ANGUS TAYLOR: Good afternoon Fiona.

JOEL FITZGIBBON, SHADOW MINISTER FOR AGRICULTURE, FISHERIES AND FORESTRY, SHADOW MINISTER FOR RURAL AFFAIRS:  Fiona, great to be with you. Can I congratulate Angus on his promotion and say members from rural and regional Australia should be running the country.

HOST:  Absolutely

TAYLOR:  You’re dead right Joel.

HOST:  I think it’s fantastic, I reckon we can sort these cities out in no time.

FITZGIBBON: We have a unity ticket here on this issue.

TAYLOR:  We sure do.

HOST: Well I was going to ask you about negative gearing and I guess I should because a lot of people in the cities have houses worth a fortune and in respect to negative gearing Angus Taylor, why has your government been opposed to any changes to this as an economic reform measure? Is it all about the value of those city houses?
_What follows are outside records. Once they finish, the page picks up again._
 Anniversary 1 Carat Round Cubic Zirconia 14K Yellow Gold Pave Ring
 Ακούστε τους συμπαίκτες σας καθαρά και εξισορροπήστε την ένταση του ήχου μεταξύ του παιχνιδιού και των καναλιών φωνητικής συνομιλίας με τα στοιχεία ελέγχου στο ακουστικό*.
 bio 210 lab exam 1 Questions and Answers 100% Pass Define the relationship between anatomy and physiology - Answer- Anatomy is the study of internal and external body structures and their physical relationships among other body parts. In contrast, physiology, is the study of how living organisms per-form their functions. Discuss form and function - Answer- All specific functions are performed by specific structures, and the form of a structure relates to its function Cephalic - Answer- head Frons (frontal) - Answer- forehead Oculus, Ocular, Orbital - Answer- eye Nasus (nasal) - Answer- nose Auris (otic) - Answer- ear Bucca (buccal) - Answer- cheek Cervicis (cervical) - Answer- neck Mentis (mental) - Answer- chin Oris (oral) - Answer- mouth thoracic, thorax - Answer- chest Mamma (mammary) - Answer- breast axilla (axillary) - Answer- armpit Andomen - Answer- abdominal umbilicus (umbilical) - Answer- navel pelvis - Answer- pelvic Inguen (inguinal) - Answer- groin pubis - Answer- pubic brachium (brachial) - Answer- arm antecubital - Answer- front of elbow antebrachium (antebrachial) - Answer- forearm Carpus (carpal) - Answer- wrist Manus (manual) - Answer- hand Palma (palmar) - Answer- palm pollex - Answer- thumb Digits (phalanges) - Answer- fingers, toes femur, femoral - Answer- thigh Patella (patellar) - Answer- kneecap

TAYLOR: Well, we’re opposed to Labor’s policy because we think it will a have big impact on housing prices across the board, not just in the cities and certainly not just in the inner cities, in outer suburban areas and even in regional areas. Look, about a third of demand at the moment is coming from investors who can take advantage of negative gearing and we know if you take a third of demand out of a market; which is a market which is quite fragile in a lot of ways with a lot of debt behind, there’s a huge household mortgages on average across Australia, then you really are taking a very very big risk. I think the banks will have more to say about this, I’m sure their credit people would be terrified about this prospect because this has been a market that been on the precipice for a little while a there’s been some real worry about how sustainable house price levels are and they are absolutely central to our financial system and our economy so we think this is a very big risk for Labor to want to take.
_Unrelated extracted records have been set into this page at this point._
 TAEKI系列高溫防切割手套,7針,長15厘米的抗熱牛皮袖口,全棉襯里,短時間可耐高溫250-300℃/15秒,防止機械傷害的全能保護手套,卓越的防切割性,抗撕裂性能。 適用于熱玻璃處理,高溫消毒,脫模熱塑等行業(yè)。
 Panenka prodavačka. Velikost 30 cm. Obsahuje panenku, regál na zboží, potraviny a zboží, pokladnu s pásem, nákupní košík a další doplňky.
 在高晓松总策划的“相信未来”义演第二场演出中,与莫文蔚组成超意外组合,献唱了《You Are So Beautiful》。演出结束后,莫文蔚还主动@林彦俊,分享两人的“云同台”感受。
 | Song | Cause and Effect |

HOST: Just on that, there has already been so major changes for those people, property investors that have got to have now a certain cash deposit to start off with and you know, we’ve seen them already back out of the market.

TAYLOR: Yes, we’ve seen some of that but this is much more significant and look you couldn’t pick a worse time to do it because of the scale of the household debt. We’re really at the top of the pops on this worldwide. There is no other Country…

HOST: Because our houses are so expensive.

TAYLOR: Well it’s partly that but partly also because we didn’t have our day of reckoning back after the Global Financial Crisis. Most other Western Countries OECD Countries did; we didn’t, and so this is a very very serious risk to take and we think at this time it’s very bad policy.

HOST: Joel Fitzgibbon, will the Labor negative gearing policy which isn’t on new houses reduce the value of the average Australian home?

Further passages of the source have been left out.